Data:
################

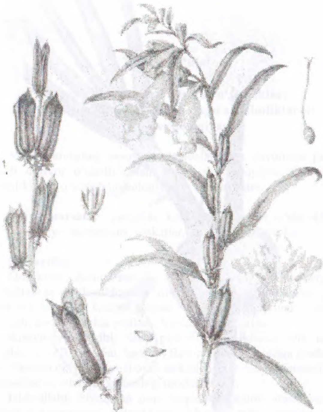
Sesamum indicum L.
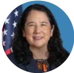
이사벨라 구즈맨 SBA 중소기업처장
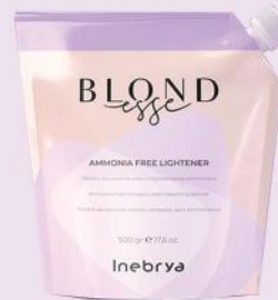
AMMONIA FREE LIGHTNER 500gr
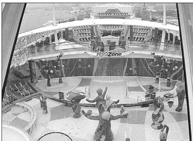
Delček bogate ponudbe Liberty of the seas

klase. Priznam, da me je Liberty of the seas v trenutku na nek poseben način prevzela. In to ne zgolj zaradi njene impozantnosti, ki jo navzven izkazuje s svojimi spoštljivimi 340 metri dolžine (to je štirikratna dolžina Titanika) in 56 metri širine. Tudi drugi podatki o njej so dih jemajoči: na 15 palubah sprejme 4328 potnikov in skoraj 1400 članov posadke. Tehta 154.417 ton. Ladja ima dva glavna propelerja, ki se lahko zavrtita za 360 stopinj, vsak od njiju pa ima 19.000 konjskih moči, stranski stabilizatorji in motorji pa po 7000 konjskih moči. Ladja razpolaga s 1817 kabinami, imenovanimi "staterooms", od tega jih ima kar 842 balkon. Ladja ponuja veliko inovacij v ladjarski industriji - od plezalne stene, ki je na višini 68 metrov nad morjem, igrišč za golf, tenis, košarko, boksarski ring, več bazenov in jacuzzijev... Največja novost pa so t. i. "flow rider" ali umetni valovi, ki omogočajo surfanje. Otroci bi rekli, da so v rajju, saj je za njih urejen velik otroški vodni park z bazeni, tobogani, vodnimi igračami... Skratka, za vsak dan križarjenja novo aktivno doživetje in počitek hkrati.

################

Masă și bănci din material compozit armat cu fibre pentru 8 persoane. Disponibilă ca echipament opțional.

################

Your instructions: Print the part of the listing above that opens with the line containing "Sesamum indicum L." and closes with the line containing "Delček bogate ponudbe Liberty of the seas". Copy it exactly, both ends included, and omit the pictures.

Exercise solution:
Sesamum indicum L.
이사벨라 구즈맨 SBA 중소기업처장
AMMONIA FREE LIGHTNER 500gr
Delček bogate ponudbe Liberty of the seas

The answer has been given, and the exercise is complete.